The widespread use and success of artificial intelligence is driving developments in hardware and software that can improve and optimize the AI process.

On the hardware side, GPUs have become the preferred processor to use when implementing AI algorithms. Compared to standard CPUs, GPUs have proven wildly successful as ways to speed up machine and deep learning algorithms. While vendors like Nvidia continue to improve their GPU chip performance and maintain market share for those chips, expect to see GPU market share for AI-specific applications to plateau or at least slow as other vendors and tech companies compete to develop custom AI-specific chips that target and are optimized for processing AI algorithms. VCs are investing hundreds of millions of dollars to fund startups with business plans that target custom AI chip development.

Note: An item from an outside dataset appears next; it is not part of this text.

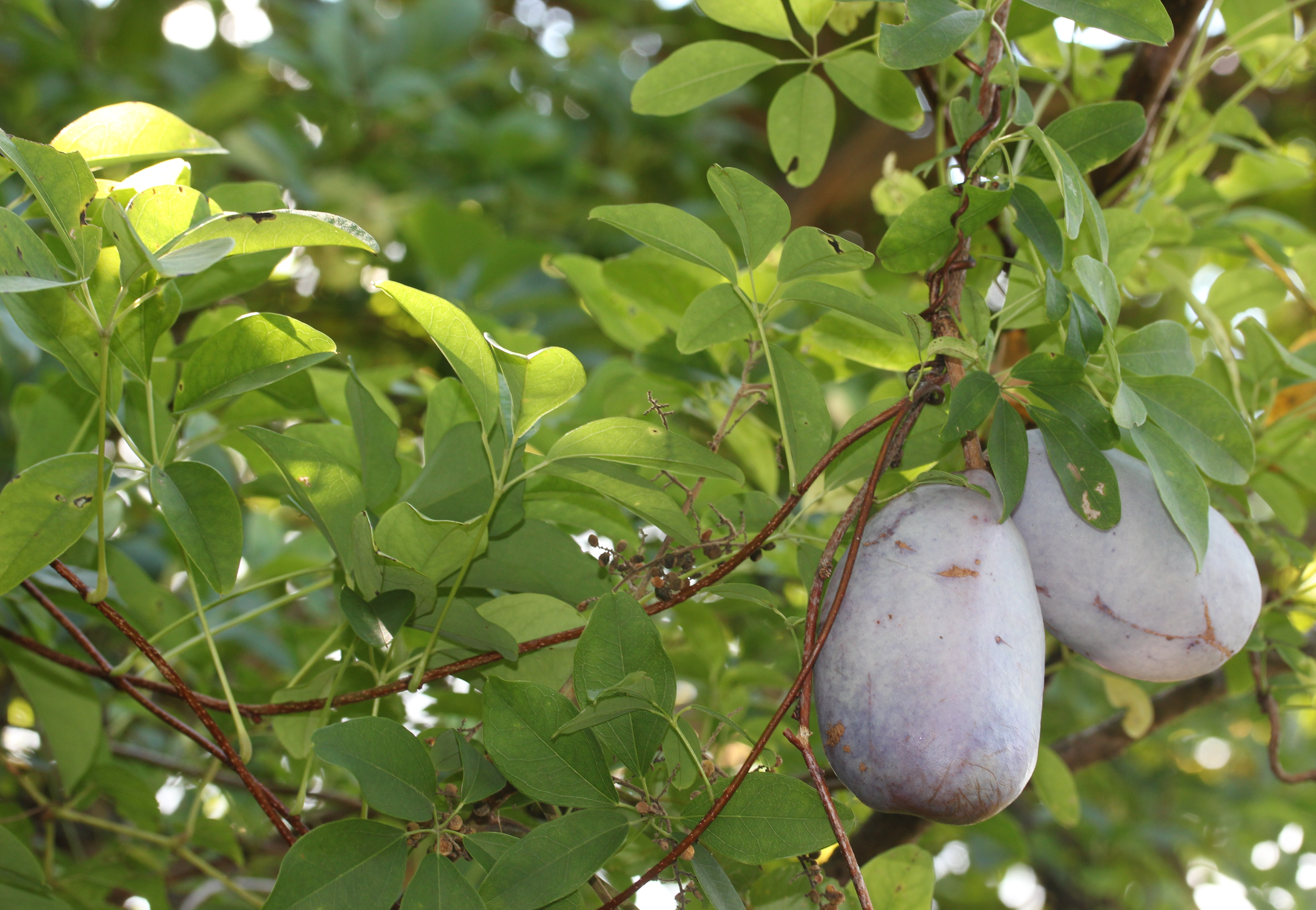 Fruits and leaves of Chocolate Vine (Akebia quinata (Houtt.) Decne. ) in Mount Ibuki, Shiga prefecture, Japan.

Sean Stetson, director of technology advancement at Seegrid, promotes using custom AI chips rather than non-specialized CPU and GPU chips, saying that “in order to make any algorithm work, whether it’s machine learning or image processing or graphics processing, they all have very specific workflows. If you do not have a compute core set up specific to those patterns, you do a lot of wasteful data loads and transfers. It’s when you are moving data around when you are most inefficient, that’s where you incur a lot of signaling and transient power. The efficiency of a processor is measured in energy used per instruction.”

On the software side too, the ability to translate AI algorithms easily into software is driving preferences for computer programming languages like Python and R, but it is also spurring the development of new kinds of programming languages, especially in the area of probabilistic programming.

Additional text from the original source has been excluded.